If we take $a = e$ and $b = x$, then $a \circ b^{-1} = e \circ x^{-1} = x^{-1} \in H$.

Thus every element of $H$ has an inverse also in $H$.

G0: Closure

Let $x, y \in H$.

Then $y^{-1} \in H$, so we may take $a = x$ and $b = y^{-1}$.

So:

$a \circ b^{-1} = x \circ \paren {y^{-1} }^{-1} = x \circ y \in H$

Thus, $H$ is closed.

Therefore, $\struct {H, \circ}$ satisfies all the group axioms, and is therefore a group.

Therefore $\struct {H, \circ}$ is a subgroup of $\struct {G, \circ}$.

$\Box$

### Sufficient Condition

Now suppose $\struct {H, \circ}$ is a subgroup of $\struct {G, \circ}$.

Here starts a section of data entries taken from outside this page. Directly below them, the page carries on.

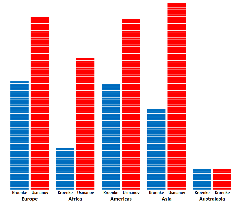 1. I’m frankly amazed by this result. However, your sample might be biased towards people who actually – for some totally unfathomable reason – think Usmanov would do a better job and wanted to use this platform to express their view. The Asian and European results are also interesting – maybe some people think he’s Asian (Uzbek) and others think he’s European (Russian).
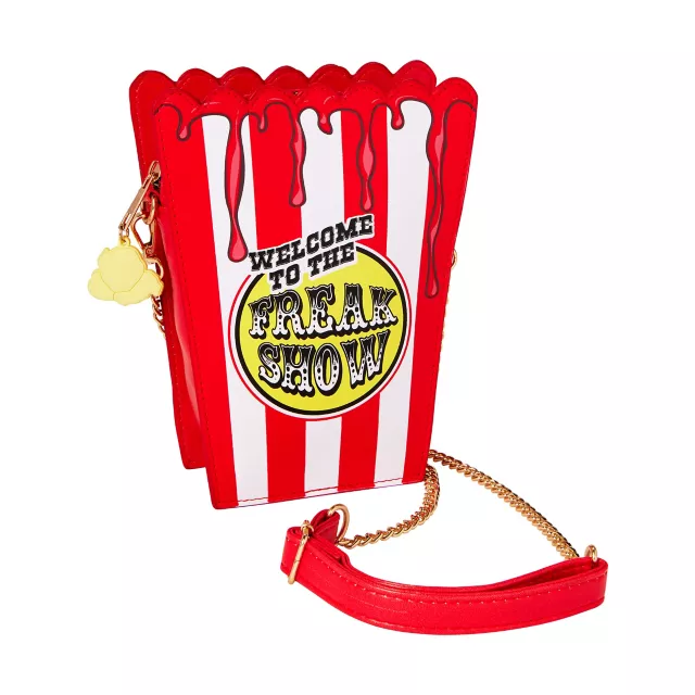 Welcome to the freak show! Just don't stay too long! This big-top Scary Clown Popcorn Crossbody Bag features a 3D design of a bloody popcorn bucket, with a popcorn charm zipper pull and a fully functional zipper pocket! We're not clownin' around.
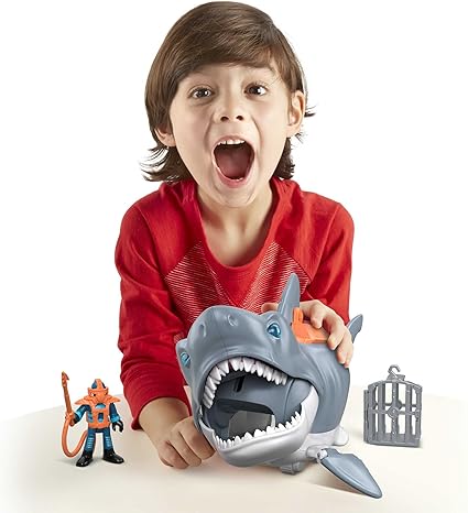 Büyük köpek balığı oyuncağı, dalgıç figürü, dalış kafesi ve diğer aksesuarla

$(1): \quad H \le G \implies H \ne \O$ from the fact that $H$ is a group and therefore can not be empty.
$(2): \quad$ As $\struct {H, \circ}$ is a group, it is closed and every element has an inverse. So it follows that $\forall a, b \in H: a \circ b^{-1} \in H$.

$\blacksquare$

## Comment

This is called the one-step subgroup test although, on the face of it, there are two steps to the test.

This is because the fact that $H$ must be non-empty is frequently assumed as one of the "givens", and is then not specifically included as one of the tests to be made.